** Opening Dataset section block **

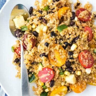 This versatile quinoa salad recipe pairs crunchy veggies with a zingy dressing! It’s ideal as a side dish, for lunches, picnics, and more.
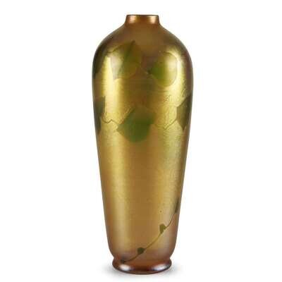 Louis Comfort Tiffany (American 1848-1933) Favrile glass vase with trailing heart and vine decoration, circa 1912
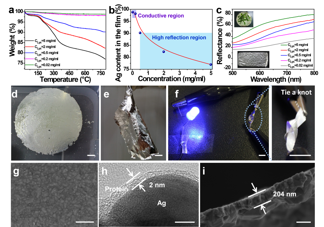 圖2.通過調節溶菌酶的濃度制備高導電性溶菌酶焊接銀薄膜。

** Closing Dataset section block **

[Task to carry out] Say again, word for word, every line from the one with "Louis Comfort Tiffany" through the last line of the data above, minus the pictures.

[Answer box]
 Louis Comfort Tiffany (American 1848-1933) Favrile glass vase with trailing heart and vine decoration, circa 1912
 圖2.通過調節溶菌酶的濃度制備高導電性溶菌酶焊接銀薄膜。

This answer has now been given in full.